Original topic: txnLockFast 开发升级jdk17后出现select也被锁住的情况 请问怎么排查
[TiDB Usage Environment] Production Environment / Test / Poc
[TiDB Version]
[Encountered Issues]
[Reproduction Path] Operations performed that led to the issue
[Issue Phenomenon and Impact]
txnLockFast
|
id |
task |
estRows |
operator info |
actRows |
execution info |
memory |
disk |
|
Limit_10 |
root |
1 |
offset:0, count:1 |
1 |
time:19.3s, loops:2 |
N/A |
N/A |
|
└─TableReader_17 |
root |
1 |
data:Limit_16 |
1 |
time:19.3s, loops:1, cop_task: {num: 2, max: 8.2ms, min: 1.86ms, avg: 5.03ms, p95: 8.2ms, max_proc_keys: 1, p95_proc_keys: 1, tot_proc: 2ms, rpc_num: 20, rpc_time: 30.8ms, copr_cache_hit_ratio: 0.00}, ResolveLock:{num_rpc:18, total_time:411.6ms}, backoff{txnLockFast: 18.9s} |
656 Bytes |
N/A |
|
└─Limit_16 |
cop[tikv] |
1 |
offset:0, count:1 |
1 |
tikv_task:{proc max:1ms, min:1ms, p80:1ms, p95:1ms, iters:2, tasks:2}, scan_detail: {total_process_keys: 1, total_process_keys_size: 213, total_keys: 4, rocksdb: {delete_skipped_count: 3, key_skipped_count: 7, block: {cache_hit_count: 1, read_count: 19, read_byte: 396.2 KB}}} |
N/A |
N/A |
|
└─TableFullScan_15 |
cop[tikv] |
1 |
table:ex_trade, keep order:true, desc |
1 |
tikv_task:{proc max:1ms, min:1ms, p80:1ms, p95:1ms, iters:2, tasks:2} |
N/A |
|
[Attachment]
Please provide the version information of each component, such as cdc/tikv, which can be obtained by executing cdc version/tikv-server --version.
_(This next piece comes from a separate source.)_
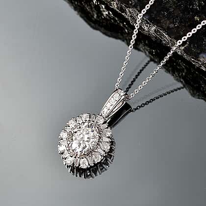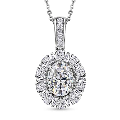 D'Joy - Moissanite Pendant with Chain (Size 20) in Rhodium Overlay Sterling Silver 2.71 Ct.

What is this asking? I don’t understand
Under what circumstances will a select query be blocked by an update operation?
The same select * from aa for update
operation, when executed concurrently or consecutively without releasing the previous lock, will result in a lock.
Similarly, if select * from aa for update
and insert into
, update
, etc. statements appear simultaneously, this situation will also occur.
Your prewrite time for the update is too long, isn’t it? Try reducing the number of transactions. Also, are you using the RR isolation level? Can you switch to Pessimistic + RC to reduce read-write conflicts?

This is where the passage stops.